Original Source Here
The field of computer vision by itself has existed since probably the 1960s, where the initial key objective was to build an artificial system to mimic human visual capabilities. Deep learning models like CNNs have caused a resurgence in the last decade owing to a number of factors which include better algorithms, faster compute (GPUs), easy to use software and tools (TensorFlow, PyTorch) and more data availability.
Gradually CNNs have become large and complex but also good enough to be the goto solutions for most tasks related to computer vision (especially classification). Yet, not everyone (or every project) has the resources (or feasibility) to make use of a large GPU cluster to make use of these state of the art behemoth models. Enter Transfer Learning!
Without deviating too much, transfer learning is a method of leveraging such state of the art models (pre-trained on huge datasets) for specific use-cases without the hassles of worrying about preparing large datasets or access to the latest GPU setup on the planet. For an in-depth understanding of Transfer Learning, checkout  and 
Let’s dive into a hands-on example showcasing transfer learning in the context of image classification or categorisation. The objective here will be to take a few sample images of animals and see how some canned, pre-trained models fare in classifying these images. We will be picking up a couple of pre-trained state-of-the-art models based on complexity, to compare and contrast how they interpret the true category of the input images.

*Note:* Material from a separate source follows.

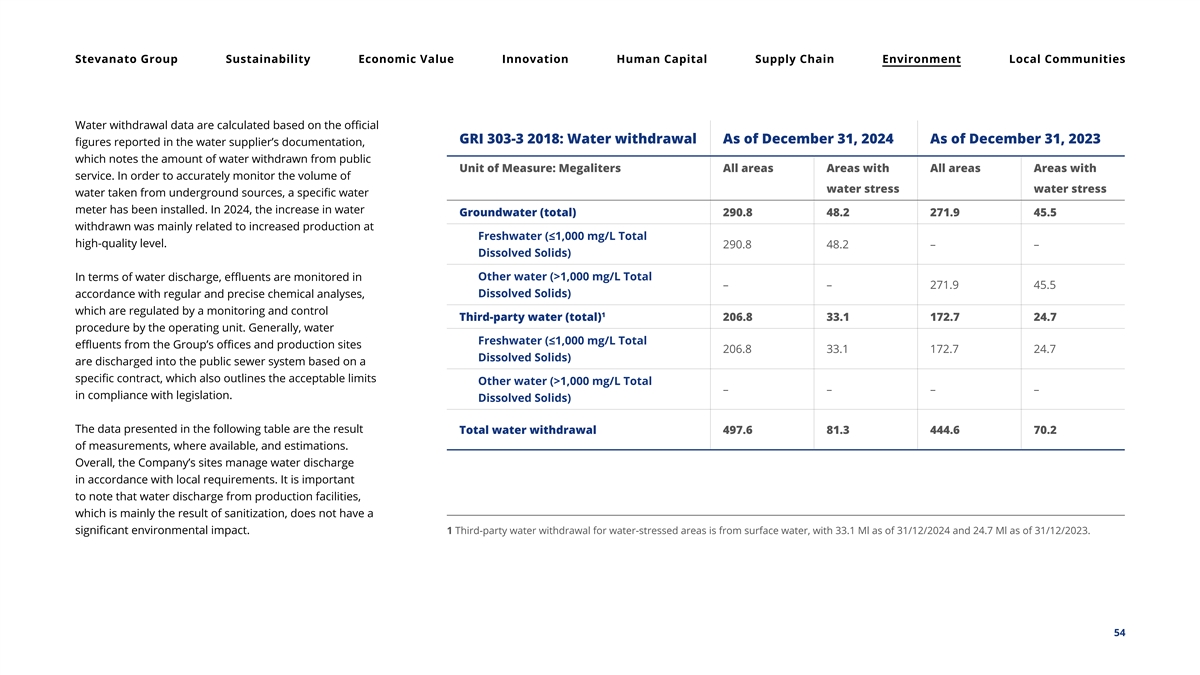 Stevanato Group Sustainability Economic Value Innovation Human Capital Supply Chain Environment Local Communities Water withdrawal data are calculated based on the official GRI 303-3 2018: Water withdrawal As of December 31, 2024 As of December 31, 2023 figures reported in the water supplier’s documentation, which notes the amount of water withdrawn from public Unit of Measure: Megaliters All areas Areas with All areas Areas with service. In order to accurately monitor the volume of water stress water stress water taken from underground sources, a specific water meter has been installed. In 2024, the increase in water Groundwater (total) 290.8 48.2 271.9 45.5 withdrawn was mainly related to increased production at Freshwater (≤1,000 mg/L Total high-quality level. 290.8 48.2 – – Dissolved Solids) Other water (>1,000 mg/L Total In terms of water discharge, effluents are monitored in – – 271.9 45.5 Dissolved Solids) accordance with regular and precise chemical analyses, which are regulated by a monitoring and control 1 Third-party water (total) 206.8 33.1 172.7 24.7 procedure by the operating unit. Generally, water Freshwater (≤1,000 mg/L Total effluents from the Group’s offices and production sites 206.8 33.1 172.7 24.7 Dissolved Solids) are discharged into the public sewer system based on a specific contract, which also outlines the acceptable limits Other water (>1,000 mg/L Total – – – – in compliance with legislation. Dissolved Solids) The data presented in the following table are the result Total water withdrawal 497.6 81.3 444.6 70.2 of measurements, where available, and estimations. Overall, the Company’s sites manage water discharge in accordance with local requirements. It is important to note that water discharge from production facilities, which is mainly the result of sanitization, does not have a significant environmental impact. 1 Third-party water withdrawal for water-stressed areas is from surface water, with 33.1 Ml as of 31/12/2024 and 24.7 Ml as of 31/12/2023. 54

The key objective here is to take a pre-trained model off-the-shelf and use it directly to predict the class of an input image. We focus on inference here to keep things simple without diving into how to train or fine-tune these models. Our methodology to tackle our key objective of image classification focuses on taking an input image, loading up a pre-trained model from TensorFlow Hub in Python and classifying the Top 5 probable classes of the input image. This workflow is depicted in figure 1.
Pre-trained Model Architectures
For our experiment, we will be leveraging two state-of-the-art pre-trained convolutional neural network (CNN) models, namely:
- ResNet-50: This is a residual deep convolutional neural network (CNN) with a total of 50 layers focusing on the standard convolution and pooling layers a typical CNN has along with batch normalisation layers for regularisation. The novelty of these models include residual or skip connections. This model was trained on the standard ImageNet-1K dataset having a total of 1000 distinct classes.
- BiT MultiClass ResNet-152 4x: This is Google’s latest state-of-the-art (SOTA) invention in the world of computer vision called Big Transfer, published on May, 2020. Here, they have built their flagship model architecture, a pre-trained ResNet-152 model (152 layers) but four times wider than the original model. This model uses group normalisation layers instead of batch normalisation for regularisation. The model was trained on the ImageNet-21K dataset having a total of 21843 classes.
The foundational architecture behind both models is a convolutional neural network (CNN) which works on the principle of leveraging a multi-layered hierarchical architecture of several convolution and pooling layers with non-linear activation functions.
Convolutional neural networks
Let’s look at the essential components of CNN models. Typically, a convolutional neural network, more popularly known as CNN model consists of a layered architecture of several layers which include convolution, pooling and dense layers besides the input and output layers. A typical architecture is depicted in figure 2.
The CNN model leverages convolution and pooling layers to automatically extract different hierarchies of features, from very generic features like edges and corners to very specific features like the facial structure, whiskers and ears of the tiger depicted as an input image in figure 3. The feature maps are usually flattened using a flatten or global pooling operator to obtain a 1-dimensional feature vector. This vector is then sent as an input through a few fully-connected dense layers, and the output class is finally predicted using a softmax output layer.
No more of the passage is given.